[Exercise goal]: Your answer must be a word-for-word copy of the listing, with all pictures excluded.

[Study material]:
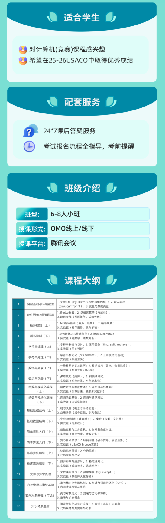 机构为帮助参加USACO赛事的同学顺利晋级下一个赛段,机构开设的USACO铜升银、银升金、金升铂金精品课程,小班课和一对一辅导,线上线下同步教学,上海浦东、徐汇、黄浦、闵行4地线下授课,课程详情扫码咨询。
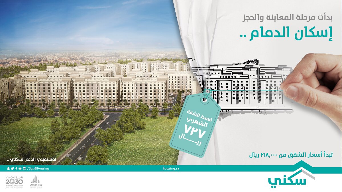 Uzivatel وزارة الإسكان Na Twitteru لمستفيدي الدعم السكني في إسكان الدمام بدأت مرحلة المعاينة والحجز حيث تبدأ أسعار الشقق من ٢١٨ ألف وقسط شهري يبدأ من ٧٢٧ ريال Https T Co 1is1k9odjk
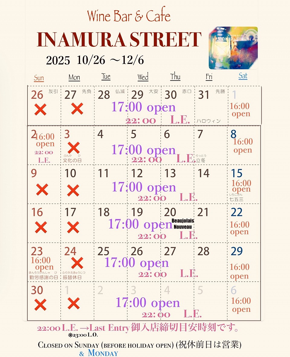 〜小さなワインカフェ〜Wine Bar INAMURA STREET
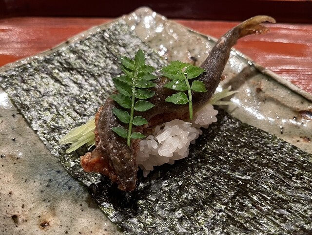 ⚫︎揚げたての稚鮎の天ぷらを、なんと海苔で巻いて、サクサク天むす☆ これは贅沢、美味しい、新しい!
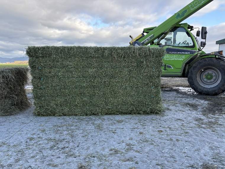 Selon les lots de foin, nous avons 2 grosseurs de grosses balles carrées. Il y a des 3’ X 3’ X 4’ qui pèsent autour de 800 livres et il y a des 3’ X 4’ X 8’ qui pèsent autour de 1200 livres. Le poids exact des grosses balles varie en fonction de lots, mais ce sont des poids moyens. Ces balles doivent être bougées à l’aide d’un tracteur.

[Exercise answer]:
 机构为帮助参加USACO赛事的同学顺利晋级下一个赛段,机构开设的USACO铜升银、银升金、金升铂金精品课程,小班课和一对一辅导,线上线下同步教学,上海浦东、徐汇、黄浦、闵行4地线下授课,课程详情扫码咨询。
 Uzivatel وزارة الإسكان Na Twitteru لمستفيدي الدعم السكني في إسكان الدمام بدأت مرحلة المعاينة والحجز حيث تبدأ أسعار الشقق من ٢١٨ ألف وقسط شهري يبدأ من ٧٢٧ ريال Https T Co 1is1k9odjk
 〜小さなワインカフェ〜Wine Bar INAMURA STREET
 ⚫︎揚げたての稚鮎の天ぷらを、なんと海苔で巻いて、サクサク天むす☆ これは贅沢、美味しい、新しい!
 Selon les lots de foin, nous avons 2 grosseurs de grosses balles carrées. Il y a des 3’ X 3’ X 4’ qui pèsent autour de 800 livres et il y a des 3’ X 4’ X 8’ qui pèsent autour de 1200 livres. Le poids exact des grosses balles varie en fonction de lots, mais ce sont des poids moyens. Ces balles doivent être bougées à l’aide d’un tracteur.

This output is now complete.